Rembrandt shook his head. "As terrible as it is, Maggie - - and this is oppression at its worst - - you know we can't save every world we slide into."

"I know . . ." Maggie trailed off, too upset to speak anymore. A small tear escaped from her eyes.

"It makes you wonder if the Dublians exist in the galaxies of our homeworlds," Mallory speculated.

"Well it's a good thing Remmy didn't let them keep our timer," Diana said. "Who knows what the consequences would be if we had wavered our sliding technology over to the Dublians from this universe?"

"This has definitely got to be the weirdest dimension you people have ever brought me to!" Janine stated. "Green bald aliens implanting humans with electric chips . . . UFOs shaped like flapjacks . . . laser guns - - although I have to admit, that part was FUN!"

"Well, the fun's over," said Malcolm. The timer's digits had reached the final numbers of the countdown. "May I do the honors, Remmy?"

"Go for it, Malcolm." Rembrandt smiled at his young friend as all of the sliders dropped their Dublian lasers on the ground, so as not to transport them to the next world which might result in detrimental ramifications.

Malcolm extended the timer, proudly clicking the activation button. Pink quantum energy spewed from the timer's nose, whooshing forward to form a circular vortex that spiraled around with cheerful glory. Janine jumped into the wormhole first, followed by Malcolm and Diana. Mallory went through next. Rembrandt placed his arm tenderly around Maggie's shoulder to console the depressed ex-Marine. Together they leaped into the vortex.

* * *

The six explorers felt the abrupt twists and turns as they were tousled and catapulted to and fro inside the tunnel of whirling, marvelous pink and red quantum energy. Janine was the first one to reach the end of the wormhole, and she fell straight out of the portal opening. Malcolm came shooting out next with an excited yell.

As Diana, Mallory, Rembrandt, and Maggie dropped out of the vortex, they all found themselves crashed in a heap atop the dinner table of a fancy dining room. But they nearly choked when they saw who was seated around the dining room table - -

- - Kromaggs!

Members of a suburban Kromagg family stared in shock at the sliders. The mother, a petite female Kromagg, wore a frilly dress covered by an apron. She was holding a bowlful of a disgusting-looking concoction.

"And I was just about to serve my specialty, Eyeball Casserole!" she snapped at them, angrily bothered by their interdimensional intrusion.

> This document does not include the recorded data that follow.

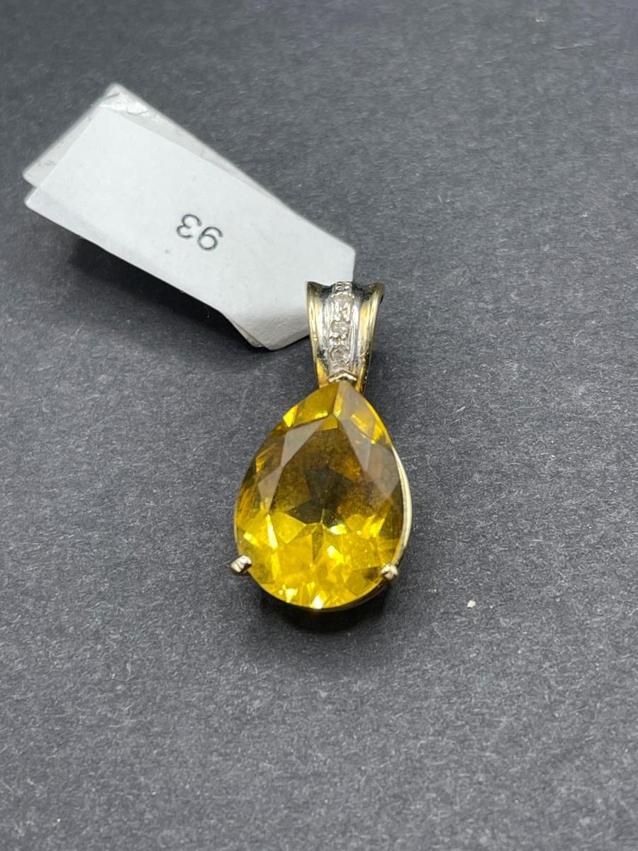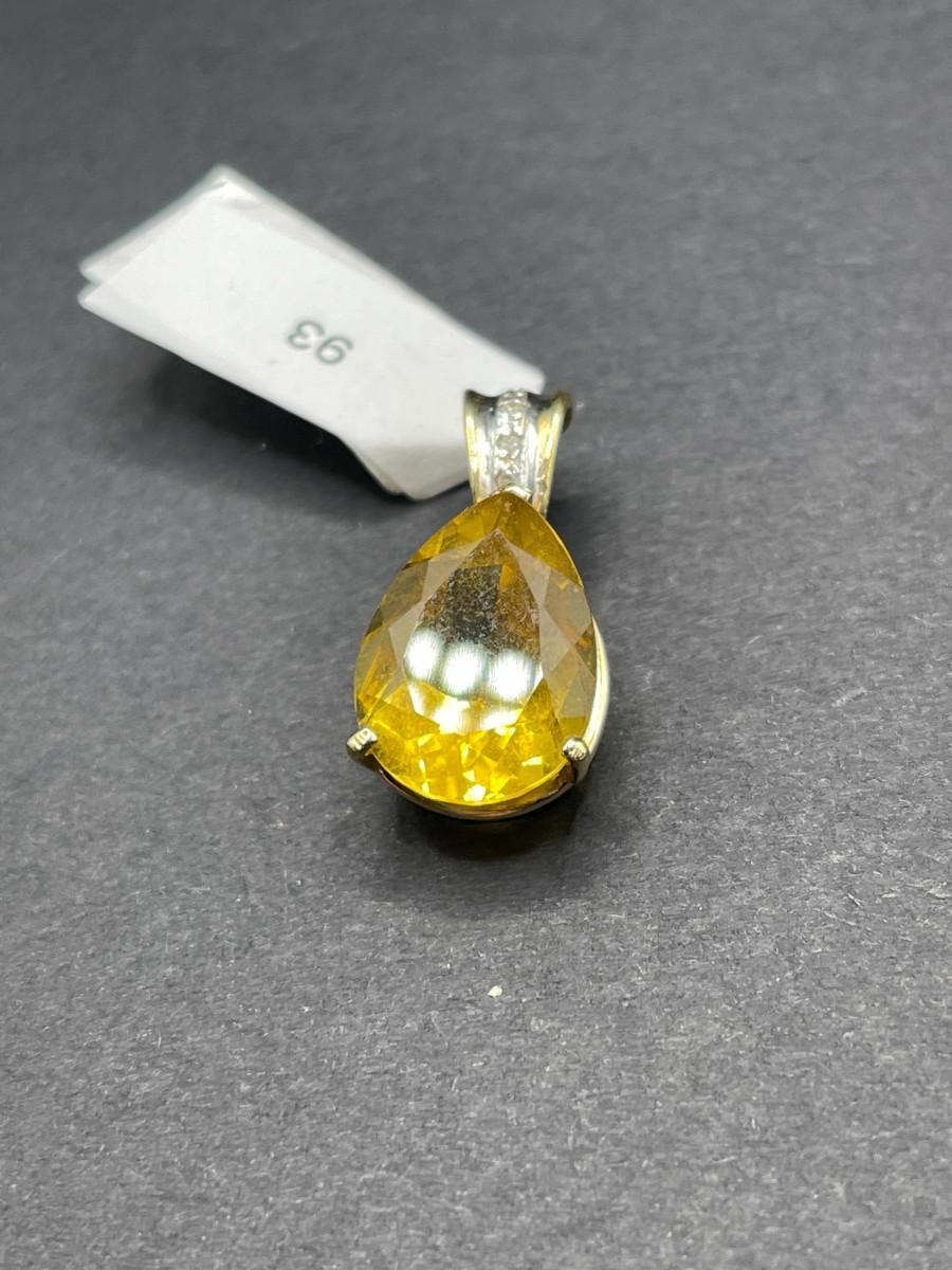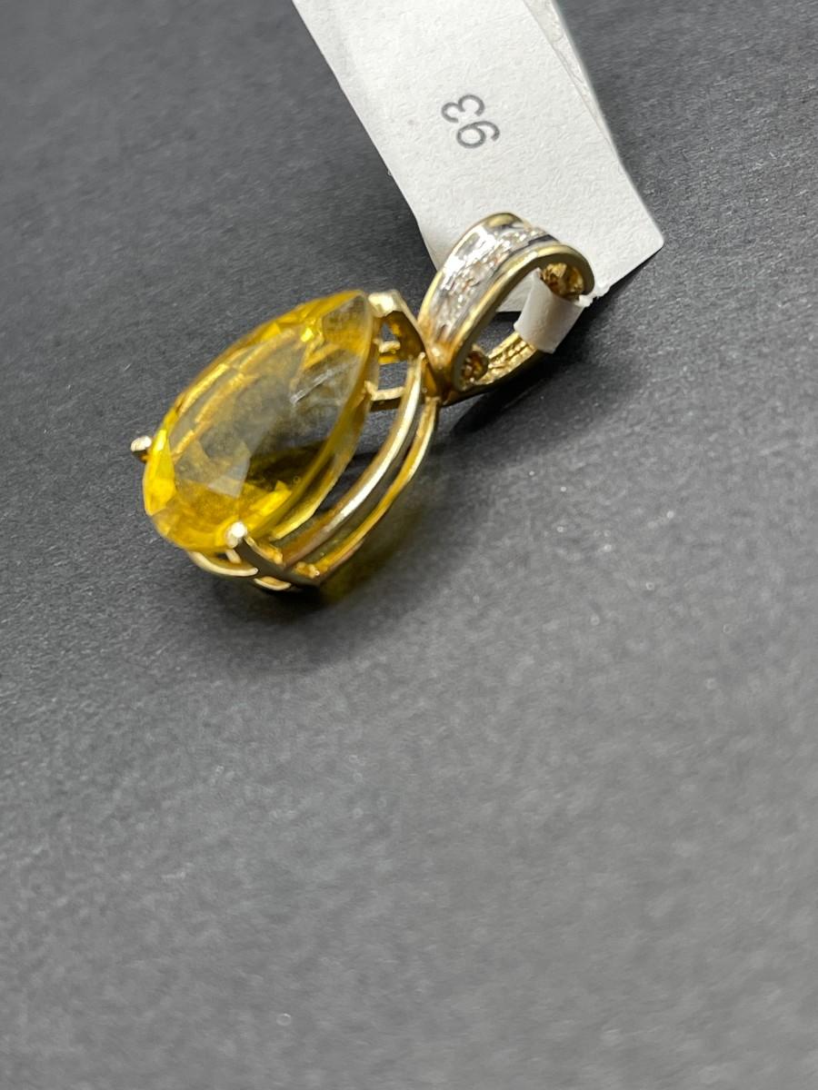 14K yellow gold pendant with large citrine stone and small diamond chips. Unknown maker. 3.41 total grams. Citrine appears to be slightly loose in the setting.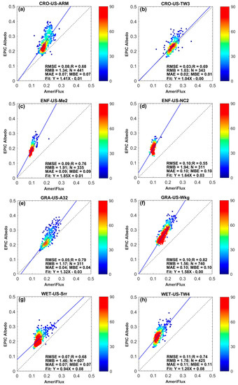 EPIC provides a high temporal resolution of surface reflectance data, affording the possibility of obtaining hourly surface albedo. In this study, the estimated EPIC albedo in 2016 was compared with the AmeriFlux site observations. Figure 5 shows the comparison of the hourly EPIC albedo and the ground-based observations under different land cover types, and the statistics are given in Table 2. R represents the correlation coefficient, Fit is the equation of the fitted curve, and the color bars and numbers on the right indicate the density of the matching data.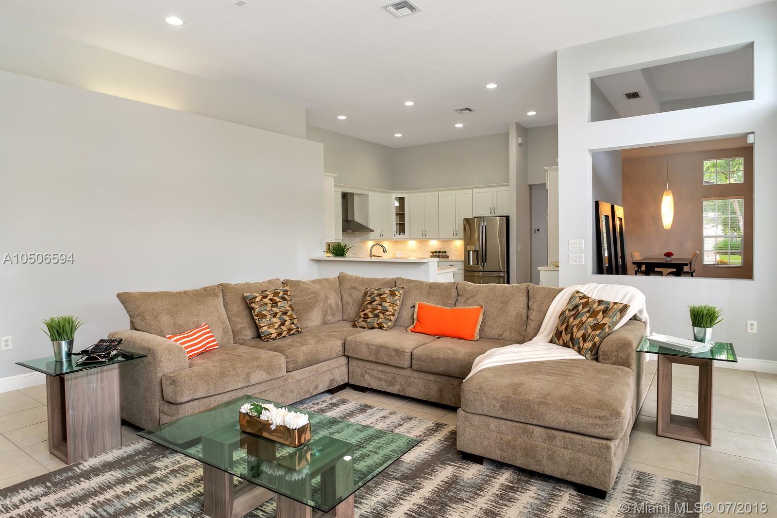 Come see this impeccable, upgraded and meticulously remodeled 5 bedroom/3 bathroom dream home in the lavish, upscale community of Sunset Lakes in Miramar! The massive vaulted ceilings, beautifully upgraded kitchen, luxurious master bathroom, built-in sound system, recessed lighting, high end fixtures, and stacked stone wall in the family room are just a few features that are sure to wow you. Enjoy entertaining your family and friends in the well landscaped front or backyard with an over sized pool or simply relax in your private oasis as you enjoy living lakeside or in your own outside spa. This tucked away and captivating community has a lakeside beach and beach pavilion, courts, parks and more. Buyer's Agent to verify all information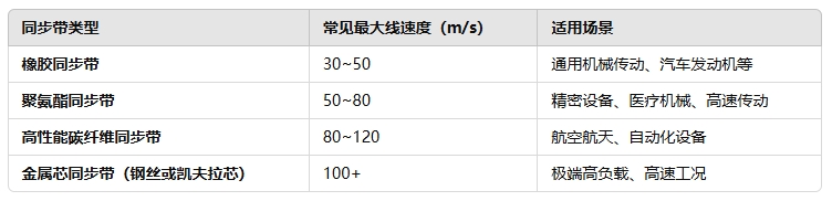 1.材料:聚氨酯同步帶通常比橡膠同步帶能承受更高的速度。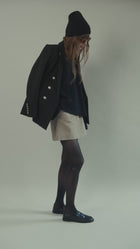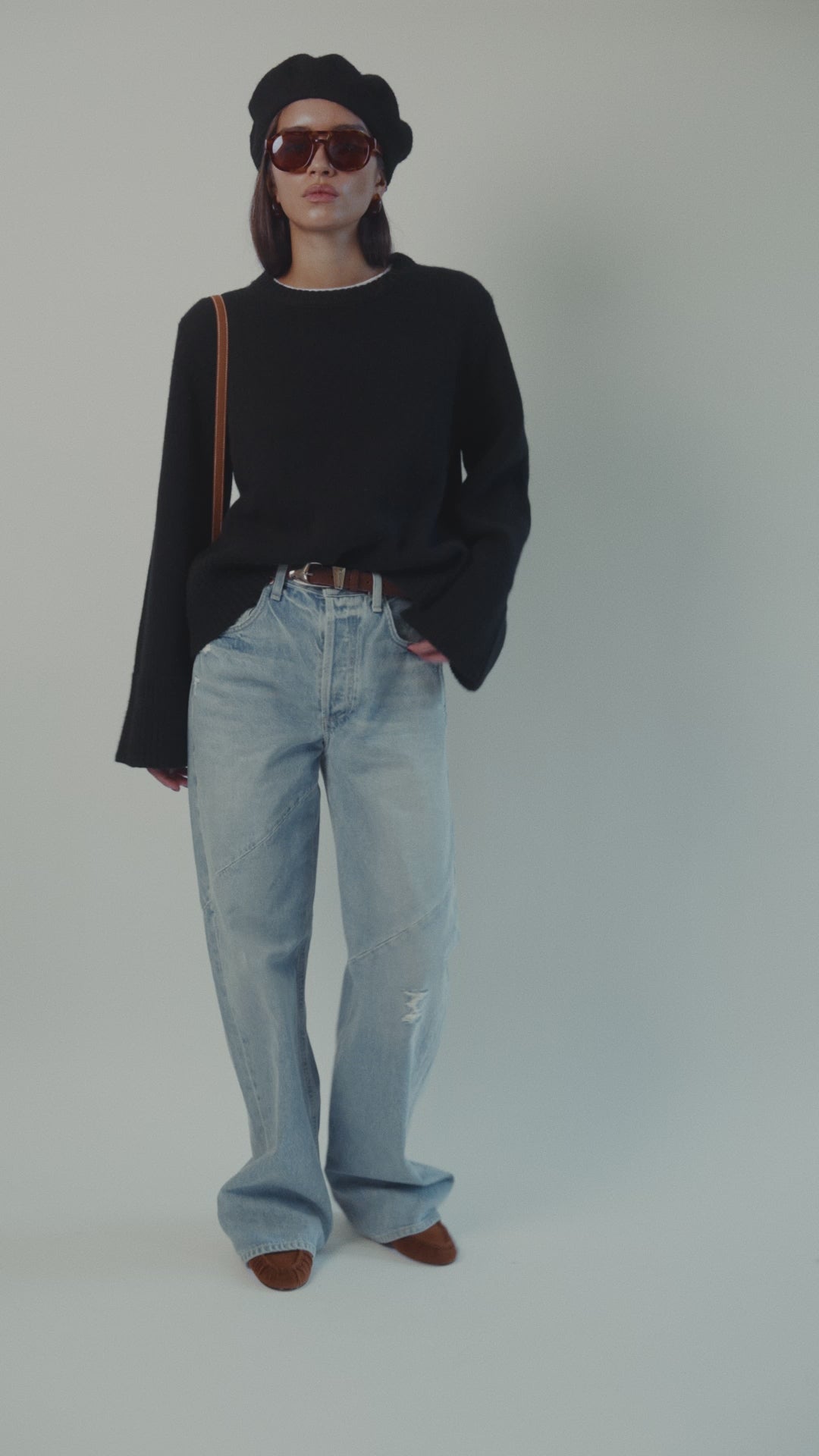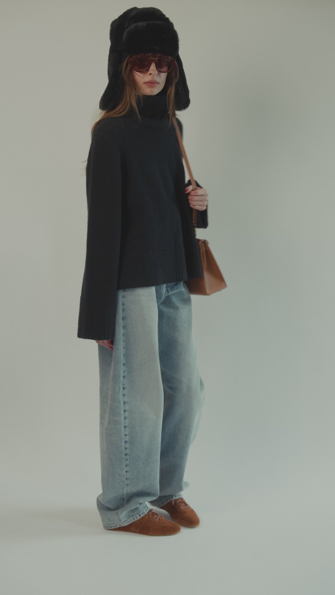 The Gloria sweater will fit relaxed and slouchy. The sleeves will be long and can be cuffed or rolled accordingly.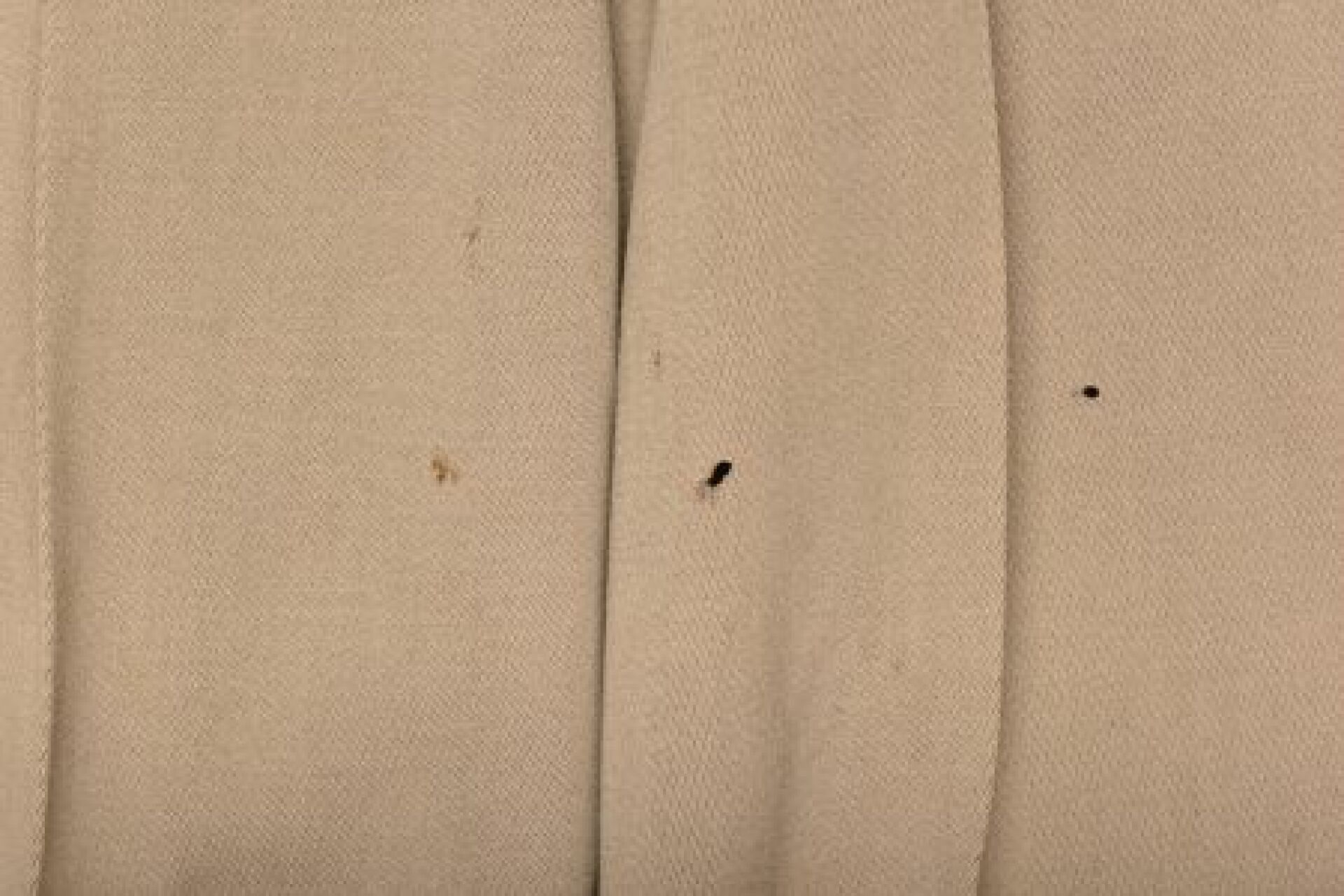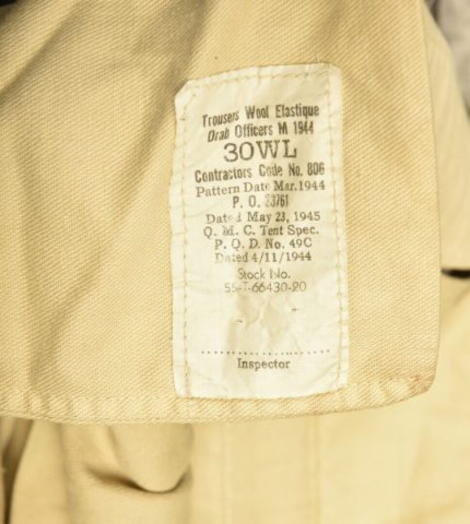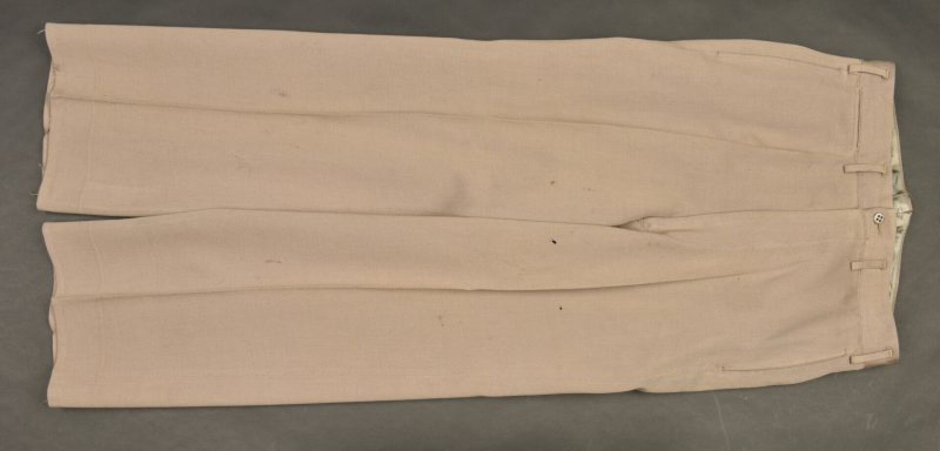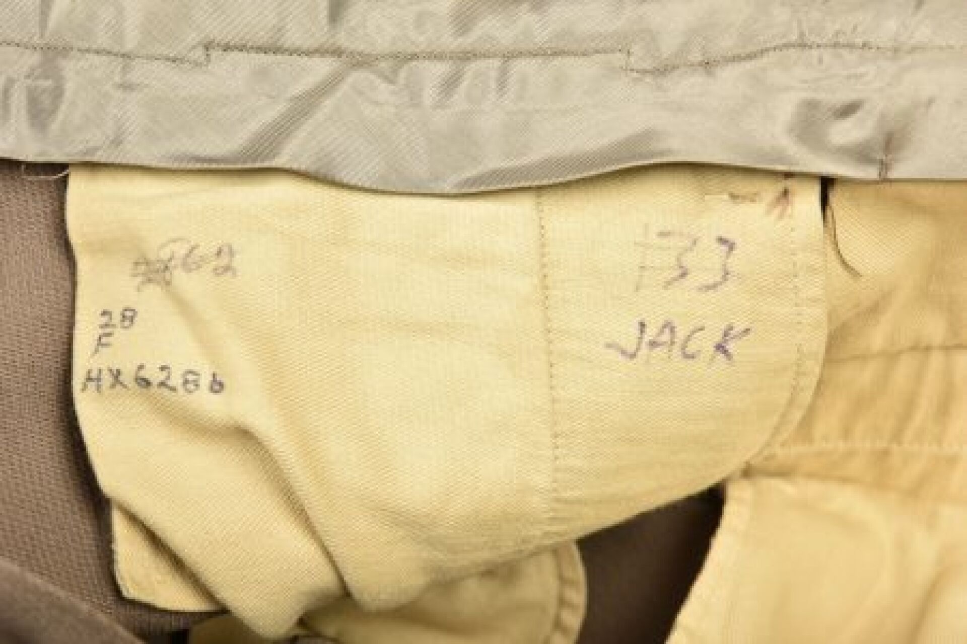 Pink officer's trousers. Grey/pink cotton fabric. All buttons present. Functional zip. Made by Talon. Lined in grey sateen and white cotton fabric. Label marked Regulation Army Officer's Trousers. Nameplate Jack. Slight wear and patina, as well as a few moth marks. Condition II+. 2+

A couple of young Kromagg children scampered to the table, joining their clan of aunts, uncles, and grandparents. The children stopped short when they saw the sliders sprawled across their dinner table. Hungrily, the young Kromagg kiddies licked their lips and showed their razor sharp teeth.

A burly male Kromagg entered the dining area from the living room. He smoked an old-fashioned pipe which stuck out of his mouth, and he carried a newspaper covered with printed characters written in the Kromagg language.

"Children!" he shouted. "How many times have I told you to pick up your G.I. Maggs off the floor before dinner?! I'm trying to read the newspaper since your uncles and I would like to be able to discuss Dynasty politics, and I don't want to be tripping over your toys every time I get up to go to the kitchen!"

He stopped in his tracks when he saw the human sliders. The Kromagg father grinned and smirked deviously. "Ah. Dinner guests."